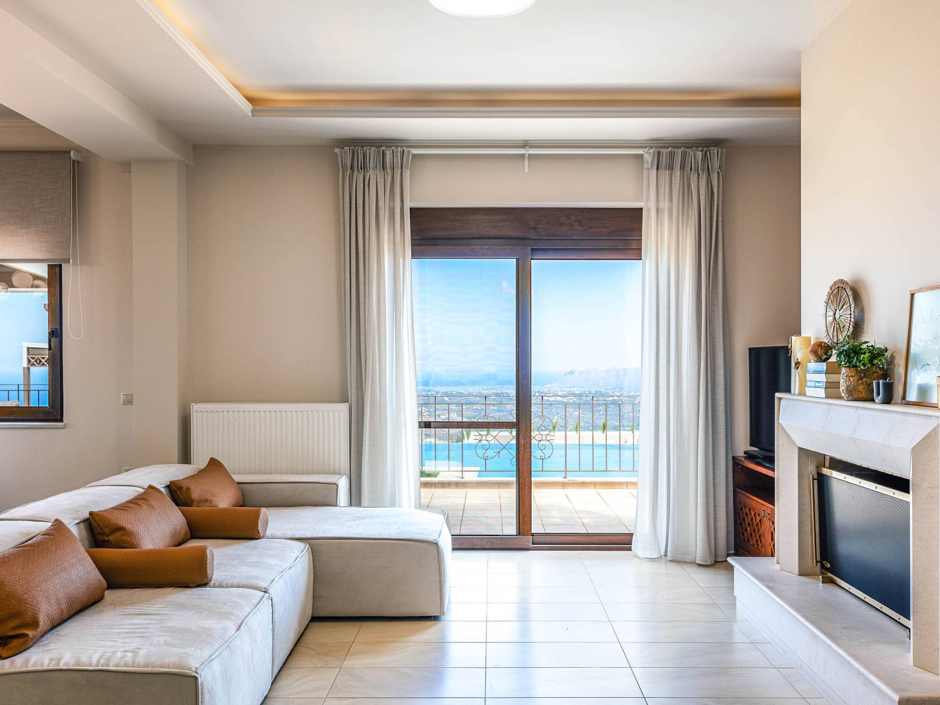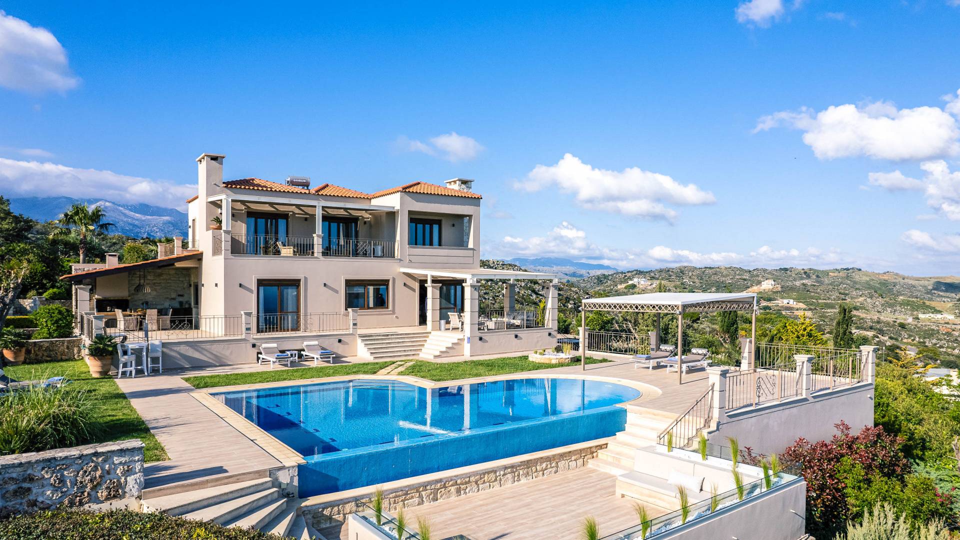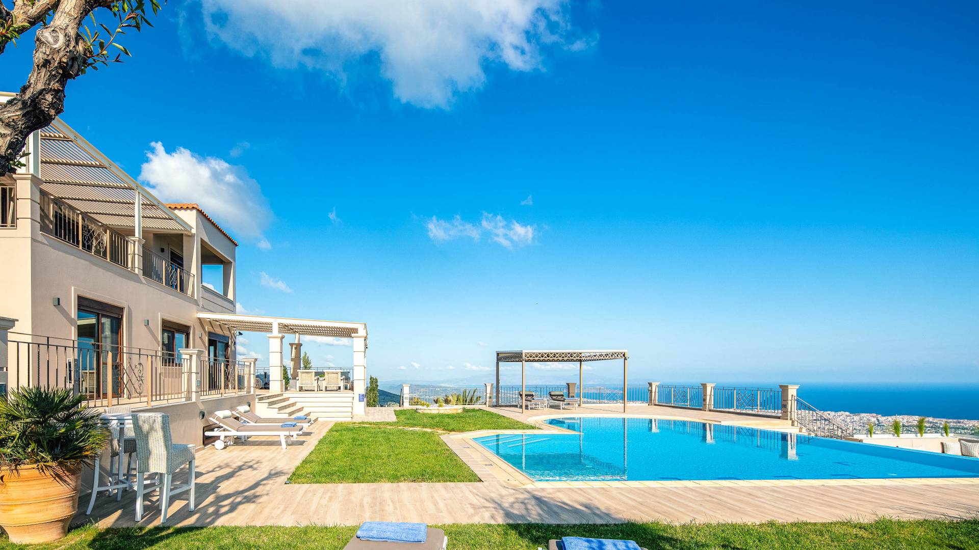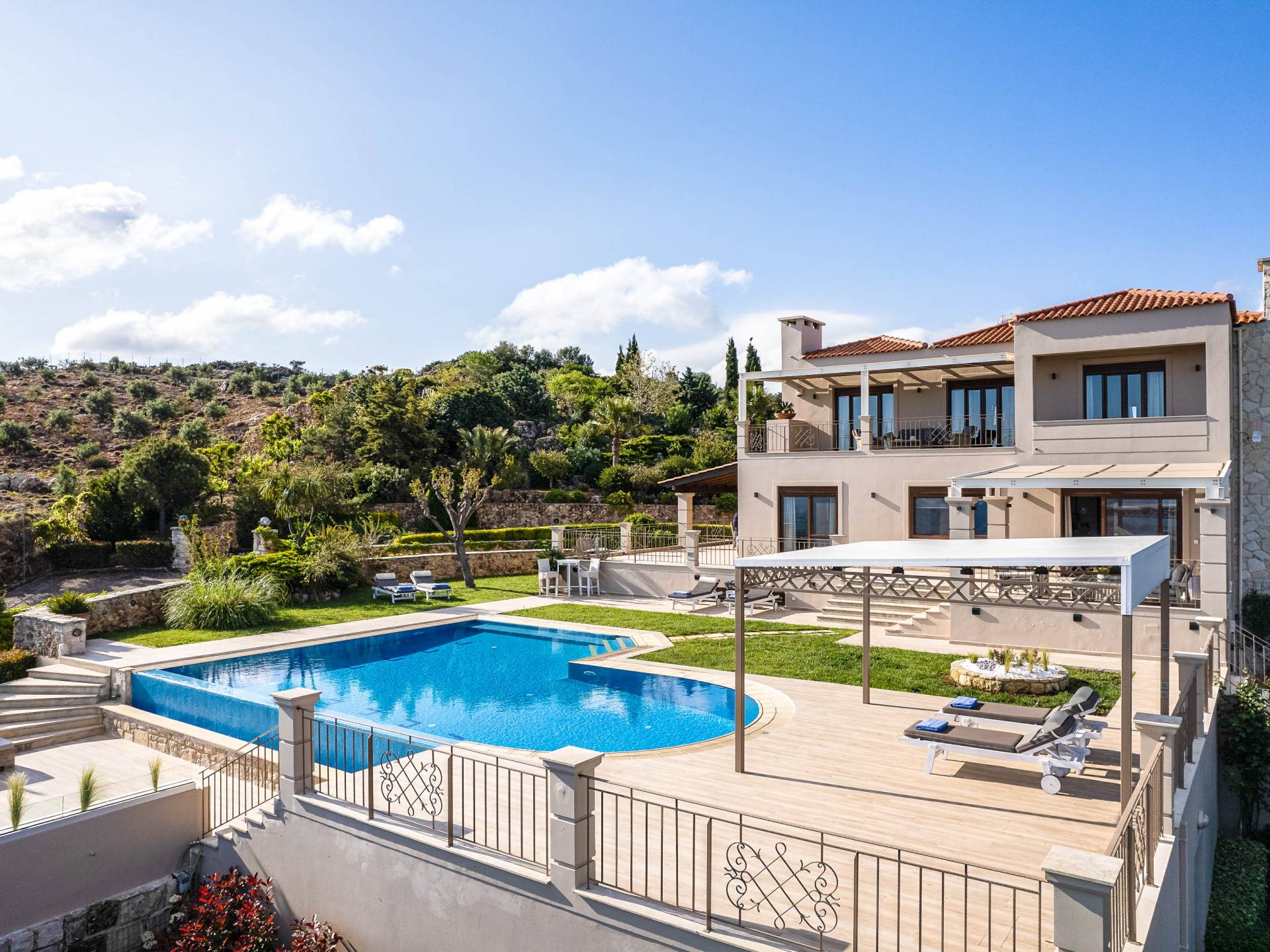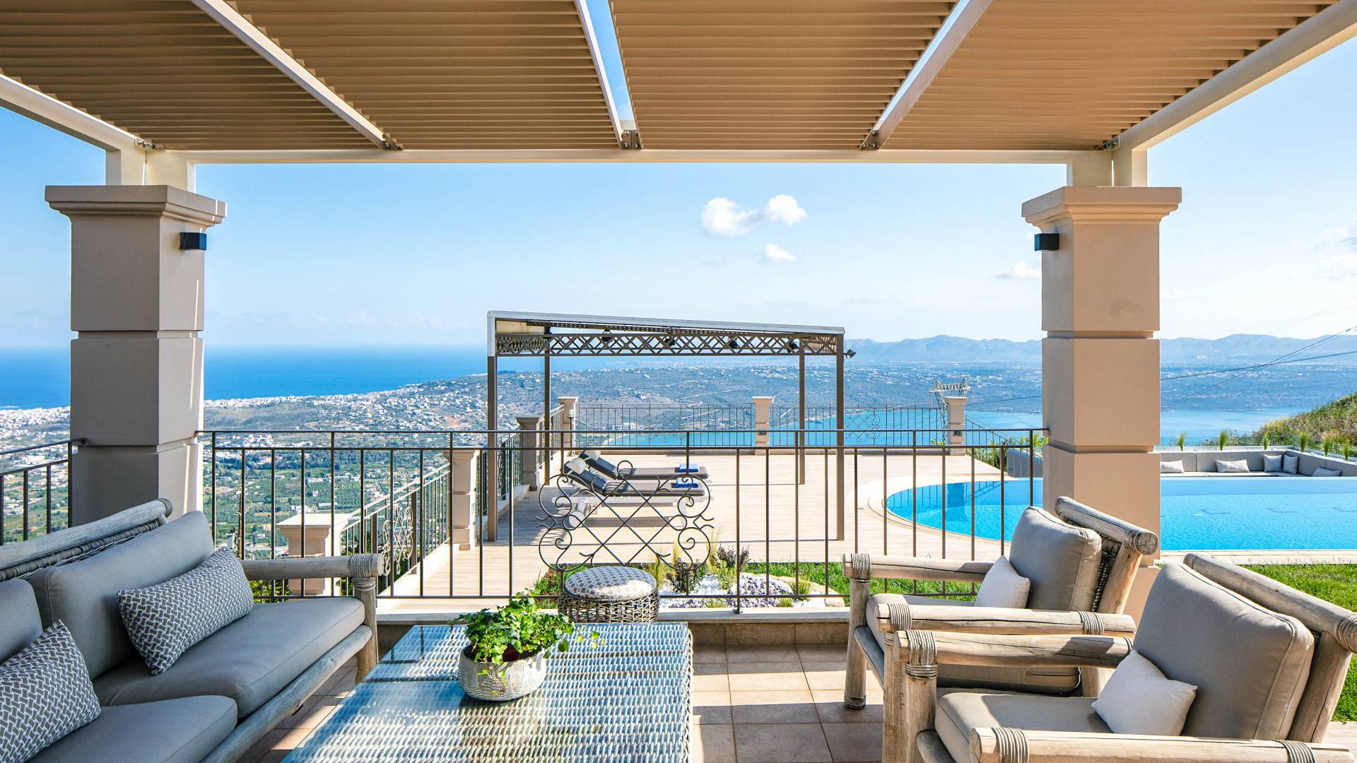 Golden Hill Villa Chania is a 450 sq.m luxury villa with a high maximum quality of construction and luxurious facilities for the whole family. Located on a totally private and fenced hill of 6,000 sqm just on the outskirts of Chania city, the villa offers absolute peace and probably the best full view over the Cretan island and the sea! You have the feeling that you are staying over the sky as the villa is located 600 meters over sea level and Chania city but only a few km away from them!
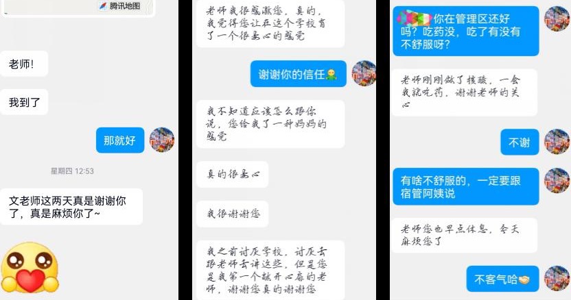 她也有240个“孩子”,他们今年大二了。学院有位同事请了病假,需要有老师协助处理线下工作,文老师顶住压力毅然接管了这240个学生。在两个大班群里,文老师是一个“话痨王”:通知核酸检测,转发网络招聘,传达最新消息,进宿舍进课堂,联动班委关注上课出勤和异常情况等。虽然只是临时辅导员,但她依然尽心尽责对待每一位学生。学生的父亲危在旦夕想回家见最后一面,她立即联系家长征得同意上报学院,在经得学校同意后帮助学生办理手续离校并密切关注学生返家途中的安全。另一个学生因近期心理状态较差影响学习生活,与其进行深入谈心并陪同前往医院就诊。“老师我很感激您,让我有了安心的感觉。”看到学生发来这样暖心的话语,辅导员文杰觉得一切都不辛苦。
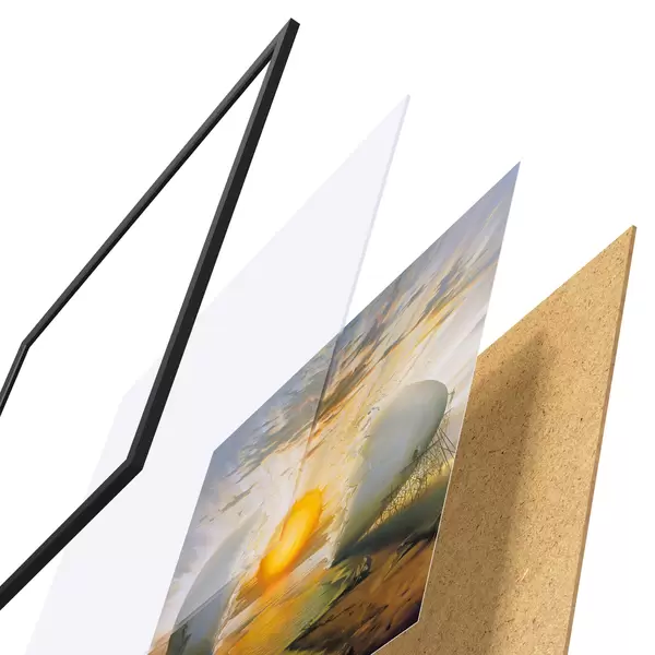 Plakatą sudaro rėmas, pleksiklas, atspausdintas vaizdas ir medžio drožlių plokštės pagrindas. Plakatą galima iš karto pakabinti ant sienos dėl kitoje pusėje esančių laikiklių.
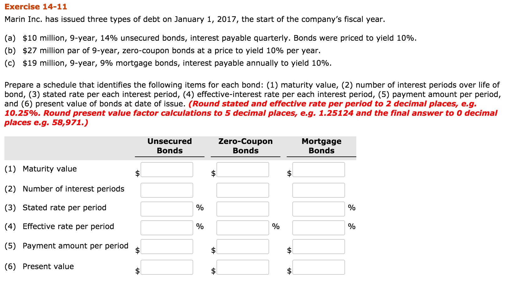 Marin Inc. has issued three types of debt on January 1, 2017, the start of the company’s fiscal year. (a) $10 million, 9—year, 14% unsecured bonds, interest payable quarterly. Bonds were priced to yield 10%.

» Exercise details:
Pictures are to be omitted. Print exactly the lines from the line containing "Plakatą sudaro rėmas, pleksiklas, atspausdintas" through the final line of the material above, both included.

» Exercise output:
 Plakatą sudaro rėmas, pleksiklas, atspausdintas vaizdas ir medžio drožlių plokštės pagrindas. Plakatą galima iš karto pakabinti ant sienos dėl kitoje pusėje esančių laikiklių.
 Marin Inc. has issued three types of debt on January 1, 2017, the start of the company’s fiscal year. (a) $10 million, 9—year, 14% unsecured bonds, interest payable quarterly. Bonds were priced to yield 10%.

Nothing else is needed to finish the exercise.